Price was also an important factor hindering access to essential anticancer medicines. Similar to the other studies' results (, ), our study results showed that the MPR of the essential anticancer original brands for children was higher than generics. The prices of 87.5% (14/16) original brands and 41.9% (13/31) lowest-priced generics exceeded their 1.5 times IRP. National Basic Medical Insurance greatly improved the affordability of essential anticancer medicines for children in Sichuan Province. After medical insurance reimbursement, 78.9% (30/38) of lowest-priced generics and 50.0% (8/16) of original brands were considered affordable (the 30-day medicine expenses ≤10% of the monthly household income), and the number of affordable generics increased by 6 (25.0%) and original brands increased by 1 (14.3%). But there were still some medicines whose costs far exceeded the affordability of the patient's family after medical insurance reimbursement (e.g., rituximab injection, the 30-day medicine expenses even exceeded the average monthly household income).

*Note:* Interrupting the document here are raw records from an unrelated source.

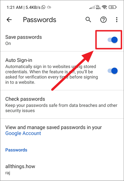 On the Passwords page, make sure the toggle next to ‘Save passwords’ is turned on.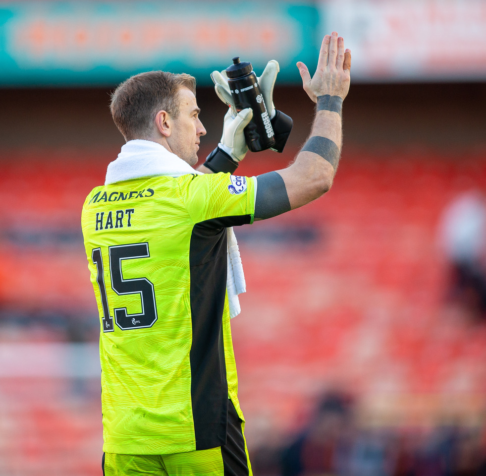 5th December 2021; Tannadice Park, Dundee, Scotland: Scottish Premier League football, Dundee United versus Celtic: Joe Hart of Celtic applauds the supporters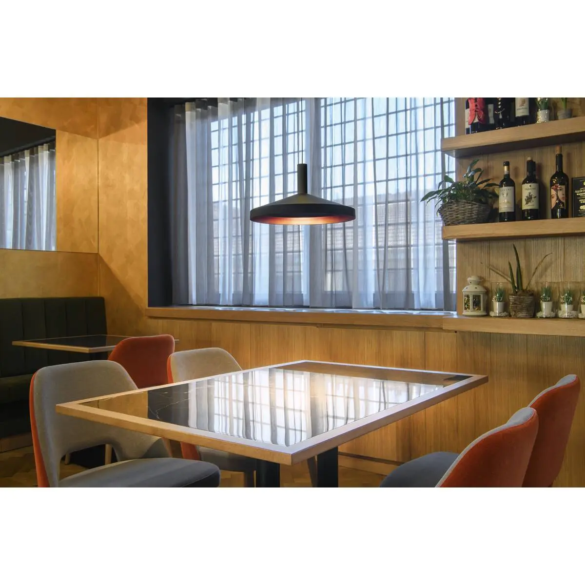 SLV Lalu Set Terta 36 LED-Hängelampe 1010791 überzeugt mit einem formschönen Stahllampenschirm in Trapezform mit einem Durchmesser von 36cm, wobei sie innenseitig zum Kontrast schwarzen Gehäuse in der Trendfarbe Bronze gehalten ist und den Raum optimal in Szene setzt. Sie ist dimmbar mit einem Phasenabschnitts-Dimmer und verfügt über CRI 90, wodurch sie Farben im Raum natürlich brillant wiedergibt. Die SLV Lalu Set Terta 36 LED-Hängelampe leistet 9.5 Watt, bei einem Maximallichtstrom von 800 Lumen und ist via CCT-Schalter in der Farbtemperatur zwischen 2700 Kelvin und 3000 Kelvin einstellbar. Sie besitzt eine hohe Qualität mit 50.000 Lebensstunden in L80B20, die der Hersteller zudem mit 5 Jahren Garantie absichert. Unsere SLV Lalu Set Terta 36 LED-Hängelampe trägt ein Gehäuse aus hochwertigem Aluminium und misst eine Höhe von 19cm und wird mit einer individuell kürzbaren Textilleitung in 200cm Länge geliefert.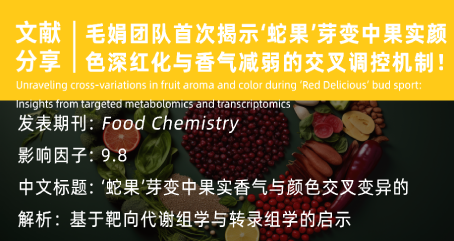 Food Chem.(IF=9.8)|甘肃农大毛娟老师团队首次揭示‘蛇果’芽变中果实颜色深红化与香气减弱的交叉调控机制!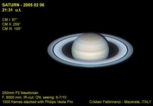 Filmato da 120 secondi a 15 fps, tempo del singolo fotogramma 1/25 di secondo. Proiezione di oculare per allungare la focale.

Since 2018, the National Healthcare Security Administration, the National Health Commission, and the Ministry of Human Resources and Social Security have organized national negotiations for anticancer medicines to be incorporated into the medical insurance medicine catalog in China (). According to reports, the average price of 14 anticancer medicines included in the 2020 medical insurance catalog dropped by 14.95%, of which some first-line anticancer medicines dropped by more than 60%, saving about 3 billion yuan for patients with cancer (). The “Notice on the Applicable Diseases and Drug Recognition Standards for Single-path Payment Drugs and High-value Drugs in Sichuan Province in 2020” () announced that Pegaspargase injection as the first-line treatment medicine for children with acute lymphoblastic leukemia was included in the single-path payment of medical insurance, 70% reduction in patient out-of-pocket. Besides medical insurance, to reduce the price of anticancer medicines, China launched a national centralized drug procurement pilot in 2018, which required all regions to carry out special procurement bidding for anticancer medicines in the medical insurance catalog ().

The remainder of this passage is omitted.